Data for processing:
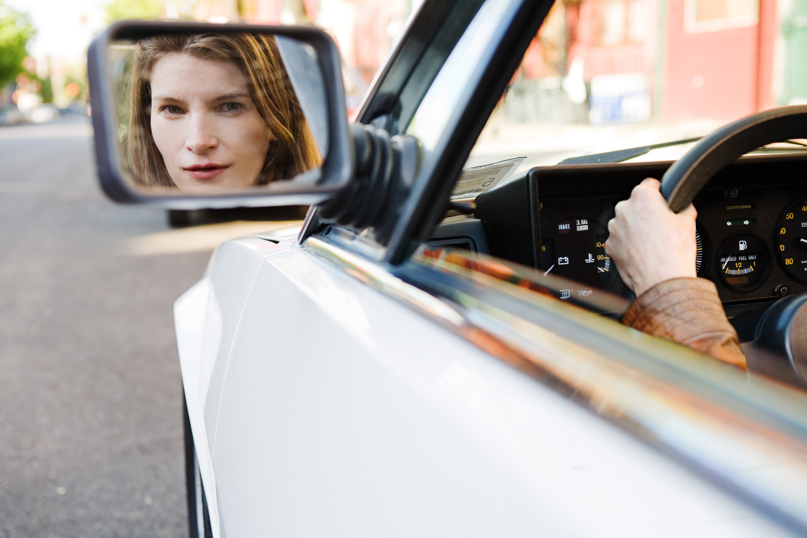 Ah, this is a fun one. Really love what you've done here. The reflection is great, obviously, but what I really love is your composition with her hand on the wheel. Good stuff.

--

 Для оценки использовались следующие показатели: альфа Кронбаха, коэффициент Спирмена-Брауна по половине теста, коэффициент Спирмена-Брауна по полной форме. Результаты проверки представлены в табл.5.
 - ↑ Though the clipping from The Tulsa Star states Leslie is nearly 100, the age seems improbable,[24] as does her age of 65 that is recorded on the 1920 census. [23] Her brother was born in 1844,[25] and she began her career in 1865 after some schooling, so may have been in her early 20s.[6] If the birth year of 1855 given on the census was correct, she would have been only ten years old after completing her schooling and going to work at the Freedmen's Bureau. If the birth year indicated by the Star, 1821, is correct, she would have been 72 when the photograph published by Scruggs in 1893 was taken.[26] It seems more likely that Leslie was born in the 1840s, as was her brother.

Work order: In the material above, locate the line containing "Для оценки использовались" and the line containing "- ↑ Though the". Transcribe exactly those two lines and every line between them, and nothing more.

Result:
 Для оценки использовались следующие показатели: альфа Кронбаха, коэффициент Спирмена-Брауна по половине теста, коэффициент Спирмена-Брауна по полной форме. Результаты проверки представлены в табл.5.
 - ↑ Though the clipping from The Tulsa Star states Leslie is nearly 100, the age seems improbable,[24] as does her age of 65 that is recorded on the 1920 census. [23] Her brother was born in 1844,[25] and she began her career in 1865 after some schooling, so may have been in her early 20s.[6] If the birth year of 1855 given on the census was correct, she would have been only ten years old after completing her schooling and going to work at the Freedmen's Bureau. If the birth year indicated by the Star, 1821, is correct, she would have been 72 when the photograph published by Scruggs in 1893 was taken.[26] It seems more likely that Leslie was born in the 1840s, as was her brother.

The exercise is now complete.